Frustrado com os sentimentos que não entende, ele mata as pessoas por não saber lidar com isso, incluindo especialmente quem é caro ao seu amo, Victor.
Ele diz que ninguém o ama, e que ele não tem relações como as de maternidade, mas ele seria capaz de ter um sentimento assim e de retribuir? É essa pergunta que fica, para o cientista e para o leitor, uma vez que para a Criatura, ele seria capaz sim.
Esse tema é tão caro e comum que está presente inclusive em obras recentes, como M3gan, onde um robô que serve de tutora infantil é capaz de corrigir e impor regras a uma criança, mas não sabe lidar com limites simples, como não agredir humanos. Tanto M3gan quanto o Monstro acabam causando mal por falta de noção do que é correto ou não.
Há uma barriga enorme no livro, uma extensão desnecessária de relatos do monstro observando a família de um cego que o permitiu viver por perto durante um tempo. Há muitos detalhes desinteressantes, que tornam a leitura maçante, mesmo que esse exemplo sirva para pavimentar a ideia de que ele não será aceito pelas pessoas.
Ele acha livros, que abrem a sua percepção, o fazem pensar para além das simples fronteiras da cabana onde residia, mas além de mostrar que o conhecimento libera a alma, também mostra uma aflição típica de quem tem uma enxurrada de conhecimento jogada em si.
Shelley acaba abordando o clichê de que o conhecimento causa a desalienação e também deprime, ainda mais sem filtro e sem os ensinamentos de alguém mais experiente como ocorre nesse exemplo.
Conhecimento pode ferir, pode atar o indivíduo e deixa-lo preocupado para além de eventos mundanos, e isso nem sempre é bom, mas ao subir degraus de sabedoria, decidiu pedir ao seu criador um par, uma mulher. Ele só quer ter o que a humanidade tem: amor e reciprocidade, e vendo que mulheres humanas seriam incapazes de ter afeto por ele, deseja ter uma criatura igual a si, só que feminina.
Victor se inclina a ceder ao pedido de seu "bastardo", mas para criar uma fêmea para ele, precisaria voltar a se dedicar aos estudos, e ele o faz, até viaja junto a Clerval, guardando para si o segredo e o intuito de seus novos estudos.

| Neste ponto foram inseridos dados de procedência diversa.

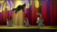 Lou war verletzt, dass sein Sohn stehlen wollte, und stürmte aus dem Zimmer. Während die anderen ihren Führer trösteten, gingen eine Gruppe von verkleideter Schlangen, die Gangster-Gang, beiläufig aus ihrem Umkleideraum und auf die Bühne. Kai hörte dann die Stimme von Pythor von der Bühne, der rote Ninja, der aus den Vorhängen blickte und die Ninja darauf aufmerksam machte, dass Pythor und die Schlangen unter ihnen waren. Jay stimmte der Idee zu, die Trophäe zu stehlen, aber Cole hatte seine Meinung geändert und erklärte, dass sie sie gewinnen würden.
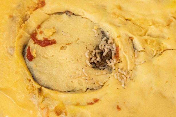När hon öppnade sin dubbla cheeseburgare flög en fluga ut och när hennes syster tog en titt inuti hamburgaren kunde hon se att det fanns flera kvalster.
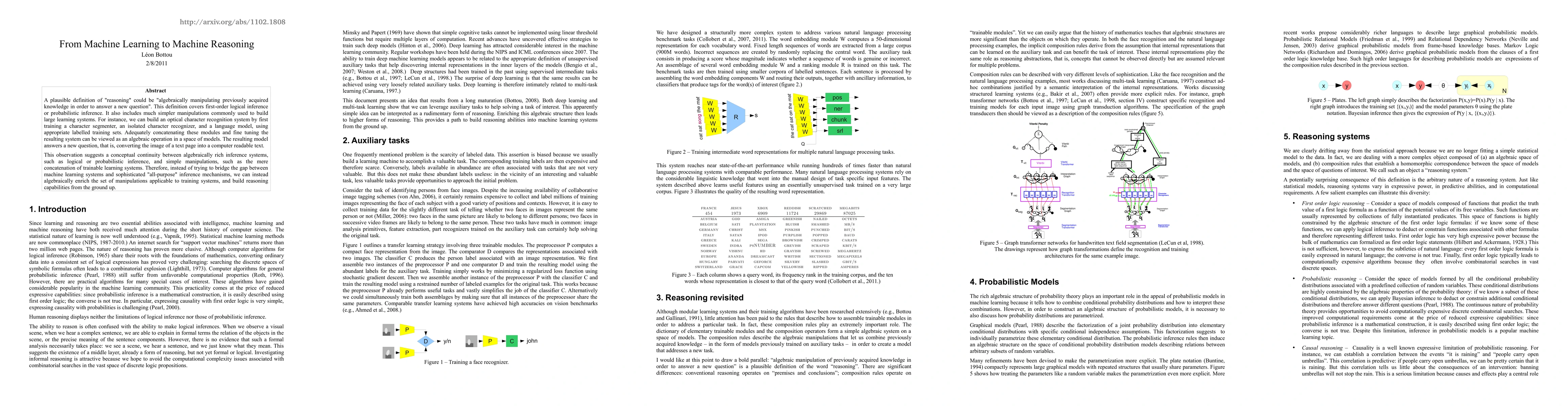 A plausible definition of "reasoning" could be "algebraically manipulating previously acquired knowledge in order to answer a new question". This definition covers first-order logical inference or probabilistic inference. It also includes much simpler manipulations commonly used to build large learning systems. For instance, we can build an optical character recognition system by first training a character segmenter, an isolated character recognizer, and a language model, using appropriate labeled training sets. Adequately concatenating these modules and fine tuning the resulting system can be viewed as an algebraic operation in a space of models. The resulting model answers a new question, that is, converting the image of a text page into a computer readable text. This observation suggests a conceptual continuity between algebraically rich inference systems, such as logical or probabilistic inference, and simple manipulations, such as the mere concatenation of trainable learning systems. Therefore, instead of trying to bridge the gap between machine learning systems and sophisticated "all-purpose" inference mechanisms, we can instead algebraically enrich the set of manipulations applicable to training systems, and build reasoning capabilities from the ground up.

Como essa é uma história trágica, o último volume tem muitas mortes e tristezas, por mais que Frankenstein finalmente alcance um de seus grandes objetivos que é casar.
Desde que começou a construir o monstro, Victor parece fadado a sofrer, e quem o cerca tem a mesma sina.

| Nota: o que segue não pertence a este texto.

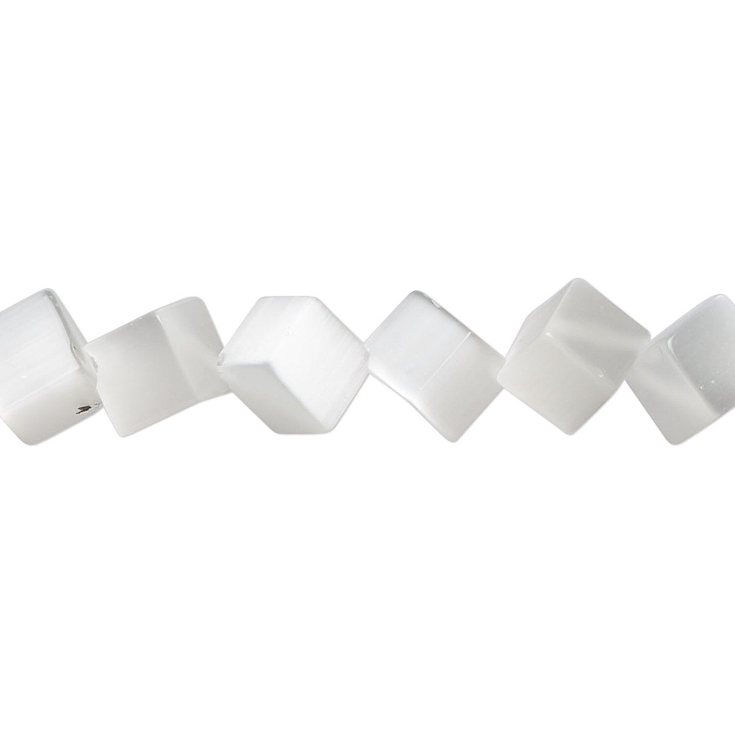 Bead, cat's eye glass (fiber optic glass), white, 9mm diagonally drilled cube. Sold per 15-inch strand.

No final, Walton retorna a trama, falando novamente a sua irmã Margaret, dessa vez sobre o quanto ele ficou fascinado pela história do estudioso, e lamenta pelo estado de saúde precário dele, depois de tanto perseguir o ser que outrora foi a sua criação.
O segundo título do livro O Prometeu Moderno serve de prenúncio para a história de Victor, que é em suma uma extrapolação da ciência para aplacar a solidão do isolamento. Ele faz a criatura para satisfazer seu ego, e se inclina a ir em frente graças ao fato de estar longe de mãe, pai, irmãos e amada.
Outra possível leitura é que o monstro é a manifestação do destino e a dificuldade do homem em lidar com a dor da perda. Shelley usa um homem que é genial, rico e bonito como o símbolo da vaidade e ingenuidade, um sujeito que acha que só porque sempre teve tudo, pode driblar questões comuns aos humanos como a morte.
Nessa toada, ele ou usa a criatura para resumir suas culpas - especialmente na perda dos entes queridos e até a inconsequência de seus atos profanos, já que na tentativa de burlar a ordem natural das coisas, ele criou um alguém irracional e de puro instinto, com feições humanas apesar de feias, mas sem total capacidade de entender os limites éticos e os conceitos de certo e errado.
Ao menos na parte ética ele tem a quem puxar, já que Victor sacrifica valores morais em prol do bem próprio, mas isso não vem ao caso de discutir o intento da máquina de carne que é a criatura, que no final de Frankenstein, termina tão depressiva quanto ele.